Transpiration is the process of water movement through a plant and its evaporation from aerial parts, such as leaves, stems and flowers. Water is necessary for plants but only a small amount of water taken up by the roots is used for growth and metabolism. The remaining 97–99.5% is lost by transpiration and guttation. Leaf surfaces are dotted with pores called stomata (singular "stoma"), and in most plants they are more numerous on the undersides of the foliage. The stomata are bordered by guard cells and their stomatal accessory cells (together known as stomatal complex) that open and close the pore. Transpiration occurs through the stomatal apertures, and can be thought of as a necessary "cost" associated with the opening of the stomata to allow the diffusion of carbon dioxide gas from the air for photosynthesis. Transpiration also cools plants, changes osmotic pressure of cells, and enables mass flow of mineral nutrients and water from roots to shoots. Two major factors influence the rate of water flow from the soil to the roots: the hydraulic conductivity of the soil and the magnitude of the pressure gradient through the soil. Both of these factors influence the rate of bulk flow of water moving from the roots to the stomatal pores in the leaves via the xylem.

Mass flow of liquid water from the roots to the leaves is driven in part by capillary action, but primarily driven by water potential differences. If the water potential in the ambient air is lower than the water potential in the leaf airspace of the stomatal pore, water vapor will travel down the gradient and move from the leaf airspace to the atmosphere. This movement lowers the water potential in the leaf airspace and causes evaporation of liquid water from the mesophyll cell walls. This evaporation increases the tension on the water menisci in the cell walls and decreases their radius and thus the tension that is exerted on the water in the cells. Because of the cohesive properties of water, the tension travels through the leaf cells to the leaf and stem xylem where a momentary negative pressure is created as water is pulled up the xylem from the roots. As evaporation occurs at the leaf surface, the properties of adhesion and cohesion work in tandem to pull water molecules from the roots, through xylem tissue, and out of the plant through stomata. In taller plants and trees, the force of gravity pulling the water inside can only be overcome by the decrease in hydrostatic pressure in the upper parts of the plants due to the diffusion of water out of stomata into the atmosphere. Water is absorbed by the roots by osmosis, and any dissolved mineral nutrients travel with it through the xylem.
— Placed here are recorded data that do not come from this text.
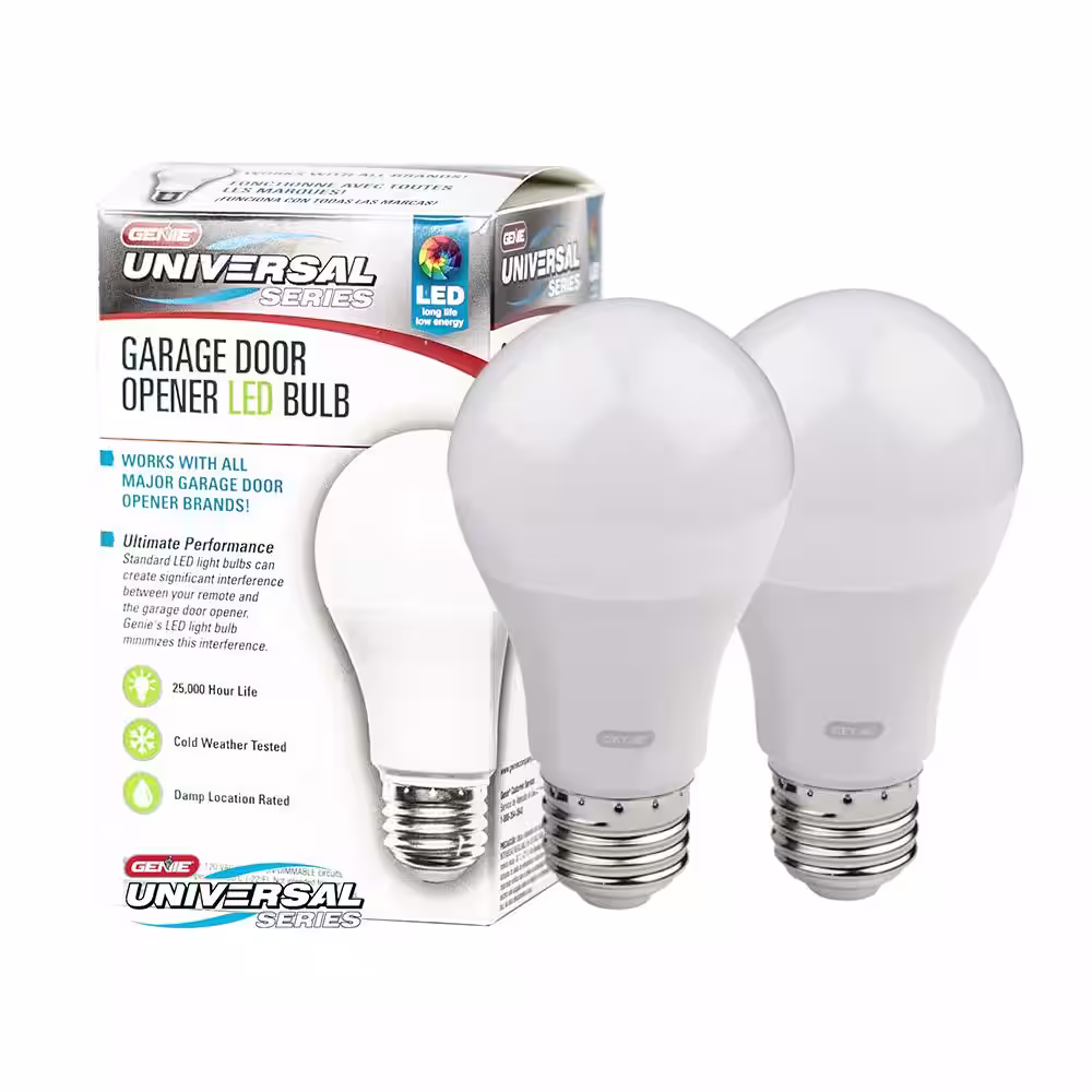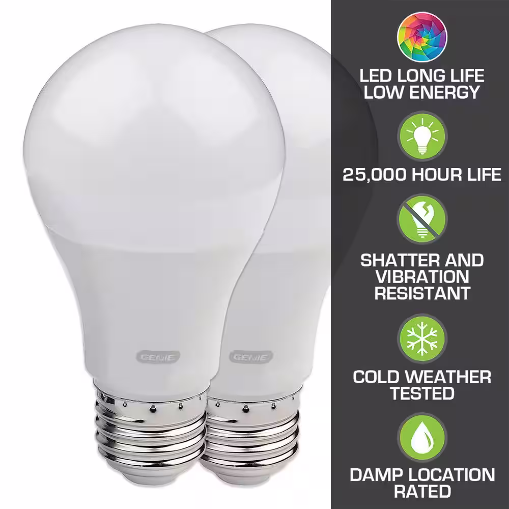 Genie 60-Watt Equivalence A19 Universal Garage Door Opener LED Light Bulb 4000K (2-Pack)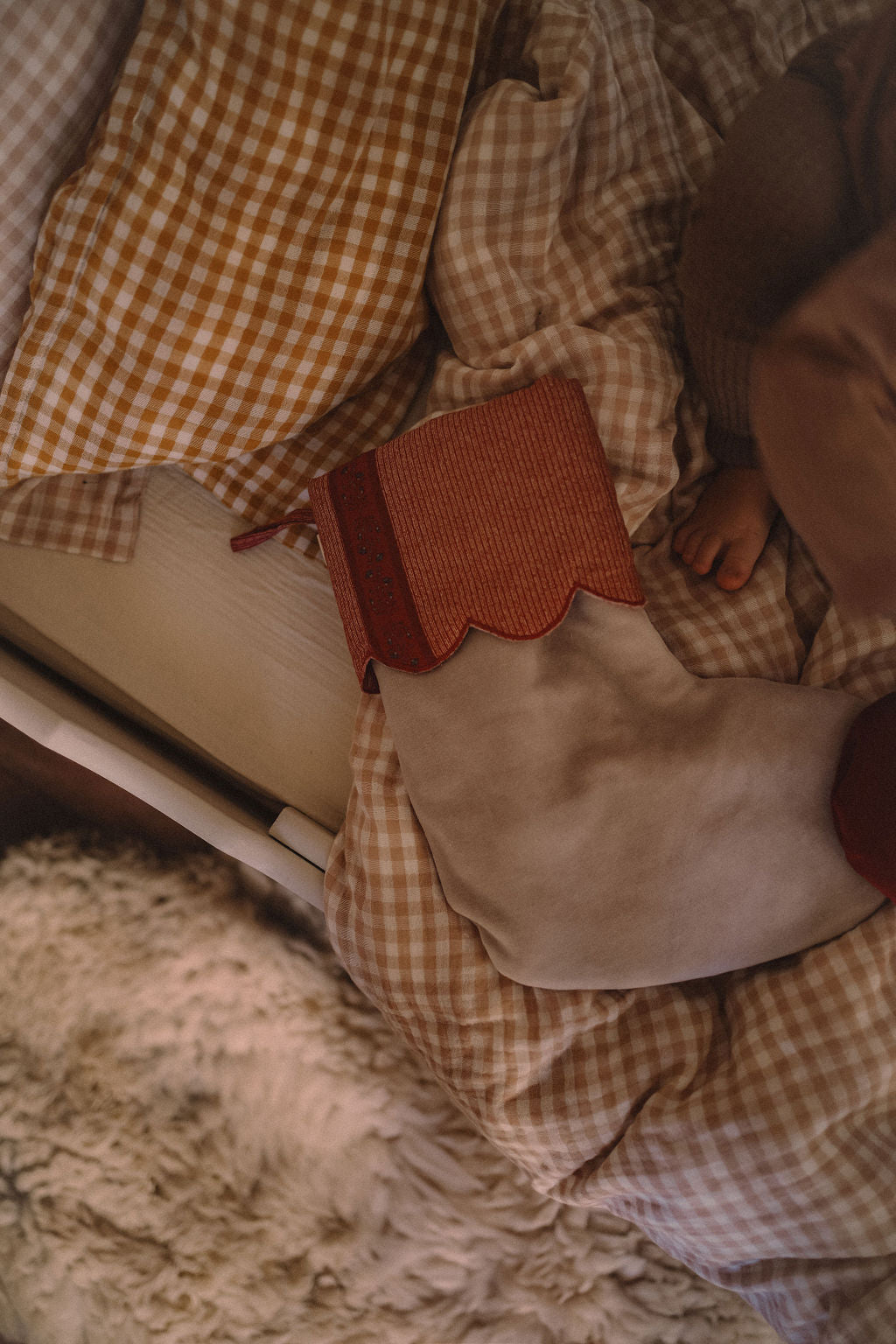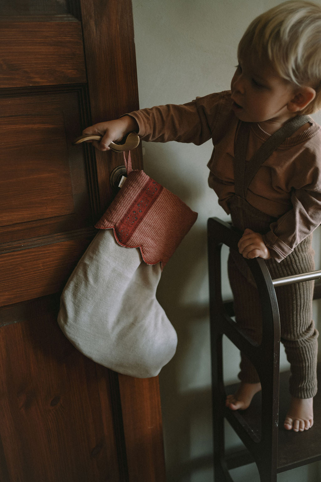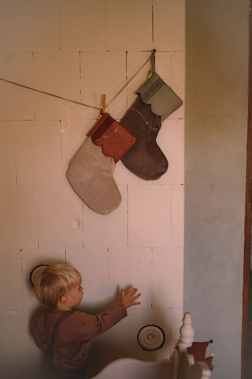Jokainen TISU:n joulusukka valmistetaan pehmeästä sametista ja laadukkaasta japanilaisesta puuvillasta. Tukevan ripustuslenkin ansiosta sukka on helppo kiinnittää juuri oikealle paikalle.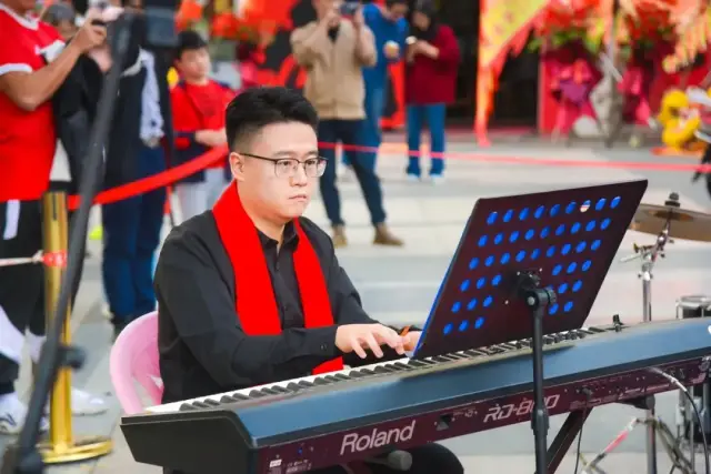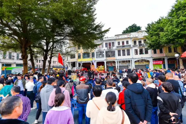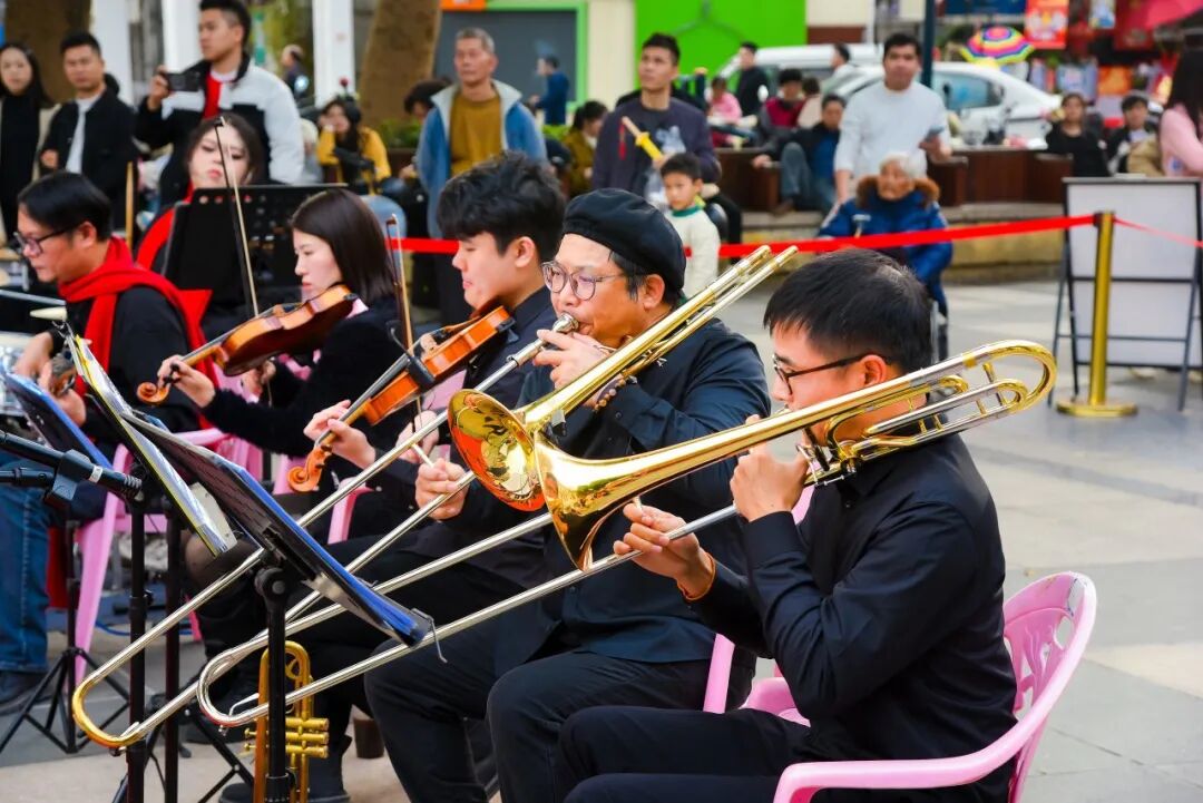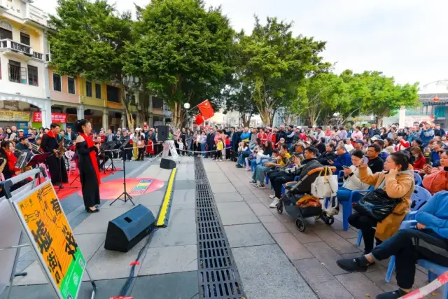 冬日暖阳照耀着骑楼古街,空气中弥漫着节日的欢乐,广场的喧嚣与悠扬的音符交织成一幅动人的画卷。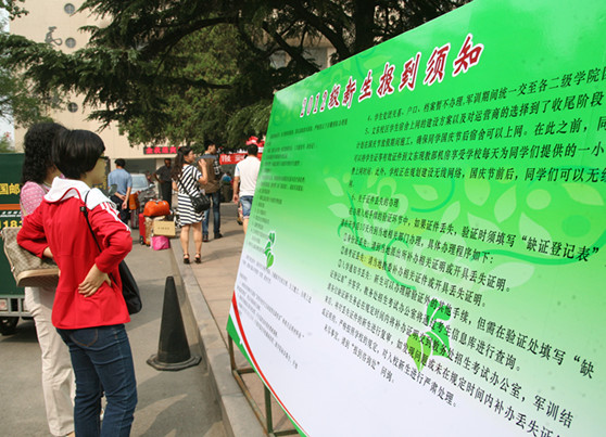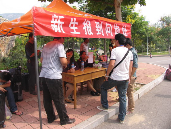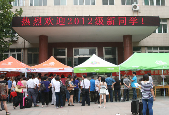 9日清晨,学校迎新工作人员一大早便来到工作场所,等待前来办理手续的新生。学校两校区打出了“热烈欢迎2012级新同学”、“珍惜新起点,笑迎新生活”、“金秋送爽喜迎八方学子、丹桂飘香共祝美好明天”等欢迎标语,长清校区全彩屏向新生和家长播放学校宣传片,醒目的“新生报到须知”和“新生报到流程”等宣传板,都营造出了今年迎新工作严谨喜庆热烈的氛围。

The cohesion-tension theory explains how leaves pull water through the xylem. Water molecules stick together or exhibit cohesion. As a water molecule evaporates from the surface of the leaf, it pulls on the adjacent water molecule, creating a continuous flow of water through the plant.

Etymology
We can see the history of the word transpiration when we break it down into trans, a Latin noun that means "across," and spiration, which comes from the Latin verb spīrāre, meaning "to breathe." The motion suffix adds the meaning "the act of," so we can see transpiration is, literally, "the ACT of breathing across," which clearly identifies vapor emission from plant leaves.

Capillary action
Capillary action is the process of a liquid flowing in narrow spaces without the assistance of, or even in opposition to, external forces like gravity. The effect can be seen in the drawing up of liquids between the hairs of a paint-brush, in a thin tube, in porous materials such as paper and plaster, in some non-porous materials such as sand and liquefied carbon fiber, or in a biological cell. It occurs because of intermolecular forces between the liquid and surrounding solid surfaces. If the diameter of the tube is sufficiently small, then the combination of surface tension (which is caused by cohesion within the liquid) and adhesive forces between the liquid and container wall act to propel the liquid.

Regulation
Plants regulate the rate of transpiration by controlling the size of the stomatal apertures. The rate of transpiration is also influenced by the evaporative demand of the atmosphere surrounding the leaf such as boundary layer conductance, humidity, temperature, wind, and incident sunlight. Along with above-ground factors, soil temperature and moisture can influence stomatal opening, and thus transpiration rate. The amount of water lost by a plant also depends on its size and the amount of water absorbed at the roots. Transpiration accounts for most of the water loss by a plant by the leaves and young stems. Transpiration serves to evaporatively cool plants, as the evaporating water carries away heat energy due to its large latent heat of vaporization of 2260 kJ per liter.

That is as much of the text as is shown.